Abstract
Seoul virus, an Old World hantavirus, is maintained in brown rats and causes a mild form of hemorrhagic fever with renal syndrome (HFRS) in humans. We captured rodents in New Orleans, Louisiana and tested them for the presence of Old World hantaviruses by reverse transcription polymerase chain reaction (RT-PCR) with sequencing, cell culture, and electron microscopy; 6 (3.4%) of 178 rodents captured—all brown rats—were positive for a Seoul virus variant previously coined Tchoupitoulas virus, which was noted in rodents in New Orleans in the 1980s. The finding of Tchoupitoulas virus in New Orleans over 25 years since its first discovery suggests stable endemicity in the city. Although the degree to which this virus causes human infection and disease remains unknown, repeated demonstration of Seoul virus in rodent populations, recent cases of laboratory-confirmed HFRS in some US cities, and a possible link with hypertensive renal disease warrant additional investigation in both rodents and humans.
Introduction
Hantaviruses are enveloped, tripartite, single-stranded, negative-sense RNA viruses belonging to the Bunyaviridae family, genus Hantavirus.1 Hantaviruses are maintained in rodents and shrews, usually with a tight pairing between the specific virus and host species. The Hantavirus genus is taxonomically divided into Old (i.e., Eurasia) and New World (i.e., the Americas) groups that are associated with distinct diseases: hemorrhagic fever with renal syndrome (HFRS) and hantavirus pulmonary syndrome, respectively. At least seven pathogenic Old World hantaviruses have been recognized. One Old World virus, Seoul, can be found worldwide, typically in urban environments, a finding which is attributed to the unintentional transportation of its reservoir, the brown or Norway rat (Rattus norvegicus), around the world on ships beginning in the seafaring middle ages.2 Seoul virus infections typically result in a milder form of HFRS, usually without overt hemorrhage.1,3
Brown rats and potentially, Old World hantaviruses are found in almost all cities in the world, with high population densities in port cities. New Orleans, Louisiana, located at the Mississippi River outlet to the Gulf of Mexico, is one of North America's oldest and busiest port cities.
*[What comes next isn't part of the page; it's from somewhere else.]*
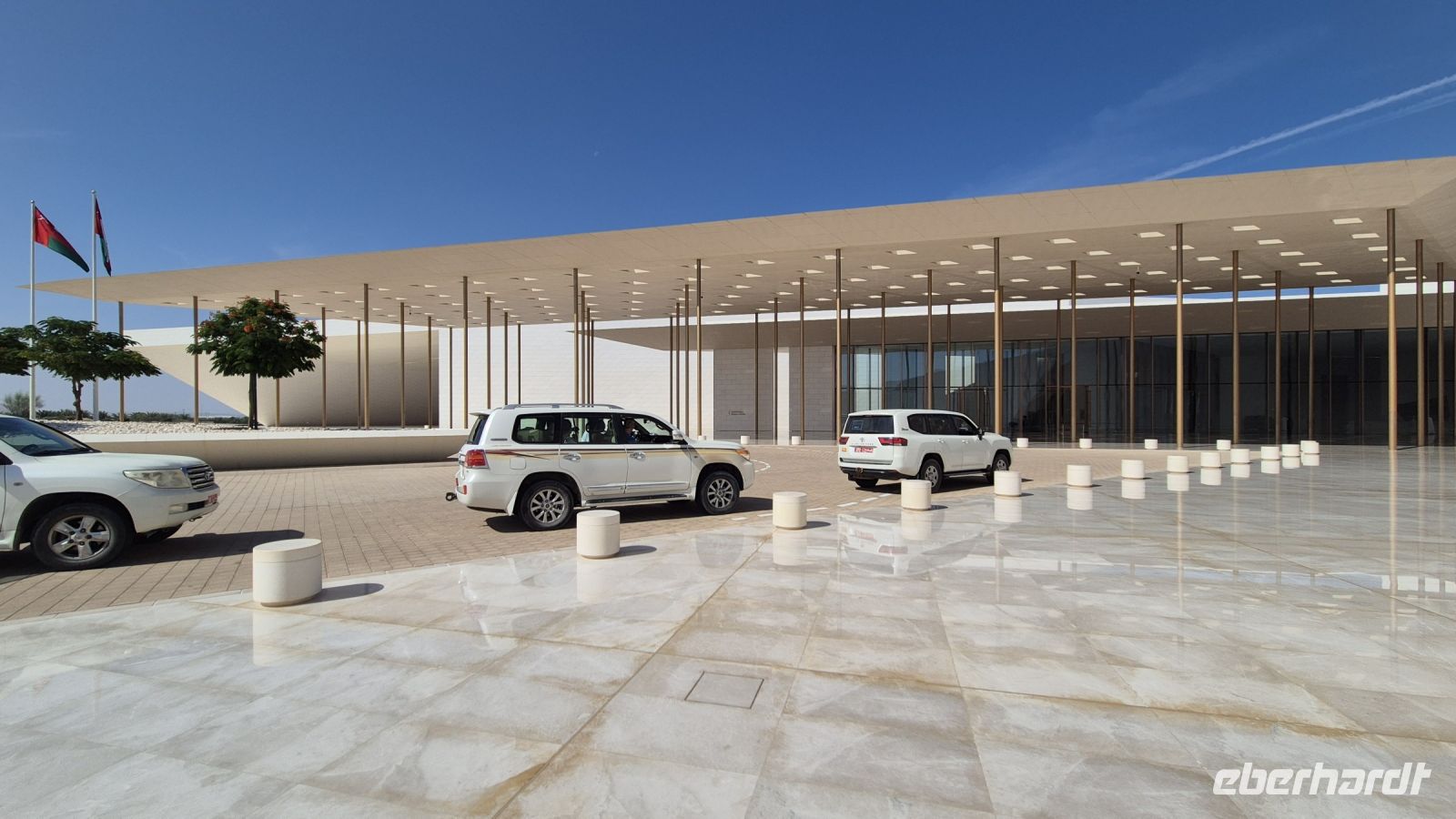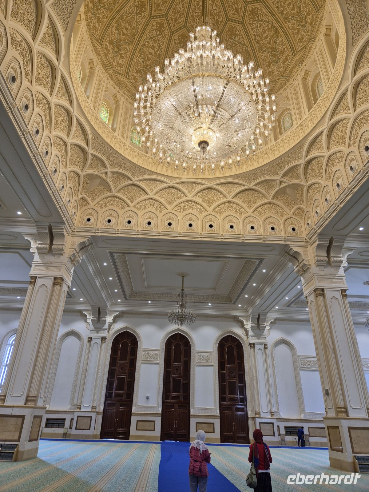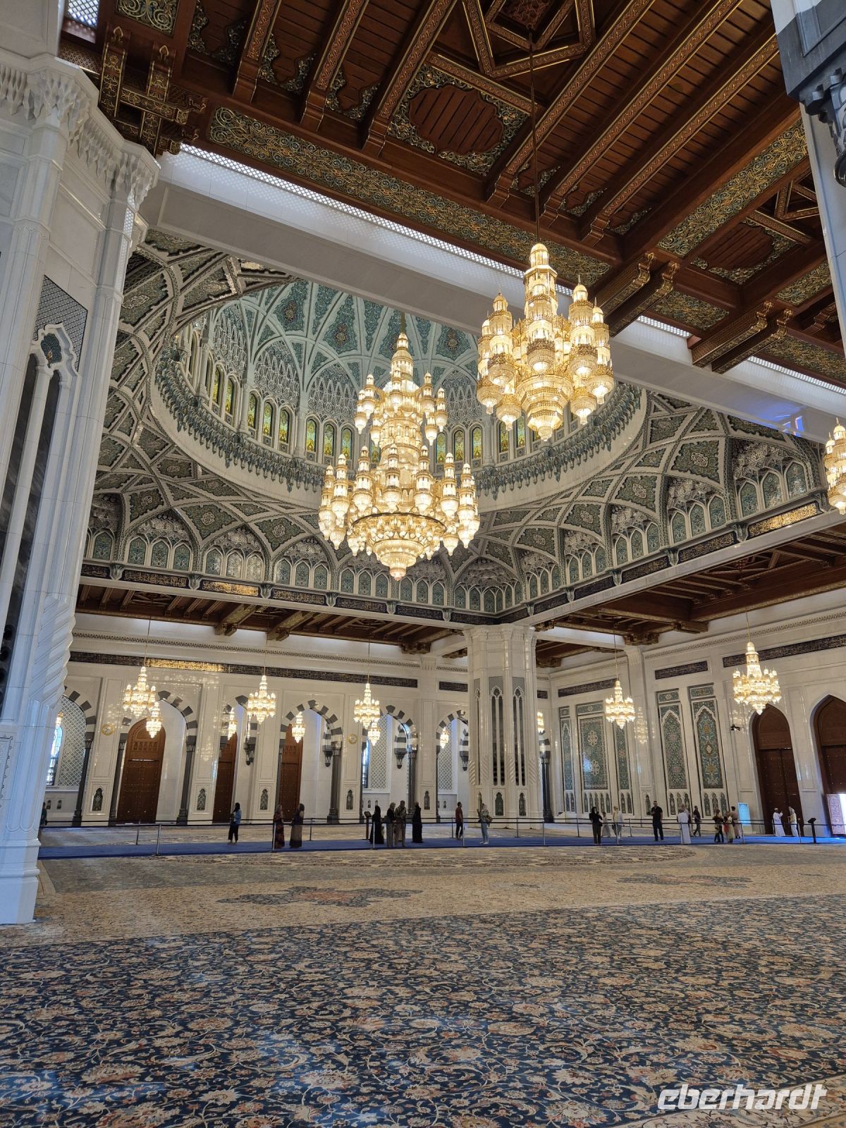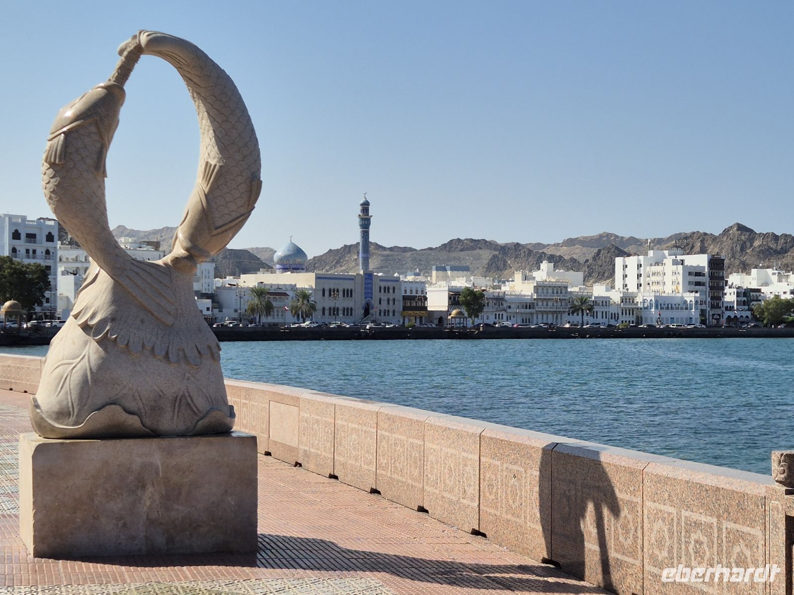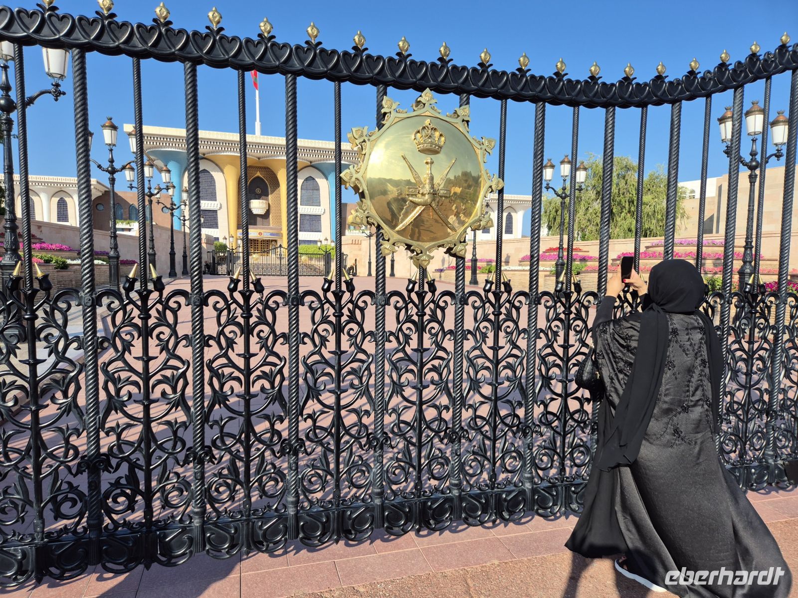 Um 10.00 Uhr beginnen wir bei Temperaturen nahe 30 Grad unsere Stadtrundfahrt. Zunächst fährt Said, unser Busfahrer durch den Stadtteil Qurum, wo sich schöne Villen und viele Botschaftsgebäude befinden. Anschließend kommen wir zum imposanten Opernhaus. Das ROHM, das steht für Royal Opera House Muscat, haben wir nicht offiziell im Programm, aber wenn wie heute die Möglichkeit für eine Besichtigung besteht, dann ist dies eine schöne Überraschung für meine Gäste. Das Opernhaus zählt zu den größten weltweit und war das erste Opernhaus im Mittleren Osten. Hier wurden wertvolle Materialien wie Marmor und Teakholz verarbeitet. Es war ein Prestigeobjekt des 2020 verstorbenen Sultan Qaboos. Er liebte klassische Musik. Während der Besichtigung haben wir auch die Gelegenheit, den großen Zuschauersaal zu besichtigen. Sehr stolz ist man hier auf die Bühnentechnik, welche verschiedene Varianten von Aufführungen ermöglicht und übrigens aus Sachsen stammt.

In the 1980s, Tsai and others4 reported the results of studies of hantaviruses in various US cities; over 30% of 79 rodents trapped along the waterfront in New Orleans were positive for antibodies to Old World hantaviruses, and a Seoul virus variant, which they coined Tchoupitoulas virus, was isolated from a brown rat by reverse transcription polymerase chain reaction (RT-PCR).4,5 No additional investigation of hantaviruses has been conducted in New Orleans. Because of the potential risk to public health from hantavirus-infected rodents, we sought to determine if Tchoupitoulas or other hantaviruses are still present in rodents in the city.
Materials and Methods
This study was approved by the Tulane University Institutional Animal Care and Use Committee and Biosafety Committee. Potentially infectious materials were handled at biosafety level 3 at the Regional Biosafety Laboratory facilities at the Tulane National Primate Research Center.
Study site selection.
Rodent trapping was conducted periodically between July of 2008 and April of 2010. Rodent trap sites were a convenience sample based on routine rodent control activities of the New Orleans Mosquito, Termite, and Rodent Control Board responding to trouble calls or as part of routine rodent management services. Trap areas included wharf areas bordering the Mississippi River and confluent canals, external areas of private residences, and areas of high human traffic (Figure 1). Global Positioning System (GPS) coordinates of all trap sites were taken.
Figure 1.
Rodent trap sites in New Orleans. RN = Rattus norvengicus; RR = Rattus rattus.
Capture and processing of rodents.
Tomahawk live capture traps (Tomahawk Live Trap, Hazelhurst, WI) were placed along building borders, near burrows, or at sites of reported rodent activity. Approximately 25 traps were set per night. Traps were baited with peanut butter-coated wafers, set out before sunset, and then, checked at daybreak the next day. Captured rodents were brought in their traps to a processing center at the New Orleans Mosquito, Termite, and Rodent Control Board, where they were assigned a unique identification number and euthanized using vaporized isofluorane. The rodent species (based on morphometric analysis), sex, weight, total length (snout to tail), tail length, and presence of ectoparasites were recorded. Necropsies were performed to collect samples of blood, lung, kidney, pancreas, liver, and spleen as previously described.6 Samples were stored at −80°C until laboratory analysis.
RT-PCR and genetic characterization of viruses.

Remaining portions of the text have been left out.